And do you have any idea how much land has already been devoted to things like roads and related right-of-ways (hint, enough in the USA to produce all the power we need).
From here:
http://www.landartgenerator.org/blagi/wp-content/uploads/2009/08/AreaRequired1000.jpg
"Surface area required to power the world with zero carbon emissons and with solar panels alone. ... The large square is the Saharan Desert (1/4 of the overall 2030 required area) would power all of Europe and North Africa. Though very large, it is still 18 times less than the total area of that desert."It looks about right to me.
:-) And that's probably with solar panels of 10% efficiency (the kind in production). With 40% efficient solar panels, the land use would shrink by a factor of four (or two times in each direction).I'd be curious to see such a map of land currently devoted to fossil fuel extraction and consumption in power plants. I'd expect it would be roughly the same in overall area, maybe larger. The same for land use devoted to road use. Or land use devoted to cities.
Note that as they say on that picture; "The 19 contiguous areas show what would be a reasonable responsibility for various parts of the world. They would be further divide many times..."
So, that picture is to give you a sense of scale, but people might put panels on rooftops or over parking lots in order to have more local energy security or lower energy transmission costs. So, we might never have big sites like those, but if we did, those look like good places to put them.

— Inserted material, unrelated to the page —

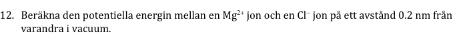 Det beror på vad du vill/ska svara i. Det som du kommit fram till där är potentiella energin i Joule mellan två enskilda joner. För att få det per mol behöver du multiplicera med Avogadros konstant (6,022*1023, hur många partiklar det finns i ett mol partiklar).

I found interesting the note on the front page of that Land Art Generator site: "Art has the ability to create movements and stimulate creative dialogue. The artist community has long taken a critical approach to the problems of energy use and production, which has helped to open the public eye to the severity of the problems facing us. The time is now for artists to go further and take an active role in solving the problem through their own work."
So, all part of "Blessed Unrest" that peer production takes part in:
http://www.blessedunrest.com/Anyway, I don't know why people keep trotting out that "density" issue.
By the way, if you like nuclear power, take a look at this:
http://www.hyperionpowergeneration.com/ -
right idea, wrong technology.Ok, we find now that we can replace - on average - 15% of the coal burned in a given plant if we retrofit it with solar thermal.
Great - now we have to go that extra step and replace *100%* of the coal burned in a given plant with small, right sized nuclear reactors like:not to mention south africa's PBMR, and the travelling wave reactor (intellectual ventures). It's simple - make a mass-producable, small, efficient reactor, use it to boil water at both the pressure and temperature of your average coal-fired power plant, and *turn off the burning of coal altogether*. And do it in scale.
That way, there isn't a horrendous capital cost (pocket nuke reactors are small and you are only replacing the boiler), the fuel is cheaper, and as a side benefit current coal plants increase their capacity factor from ~75% to above 90%.
This is really the only way to combat global warming in a way that profits everybody; it allows developing countries to leverage their experience in building coal-fired power plants to build carbon-neutral sources, and given the factory approach is comprehensively scalable, as scalable as producing fighters or bombers in WWII.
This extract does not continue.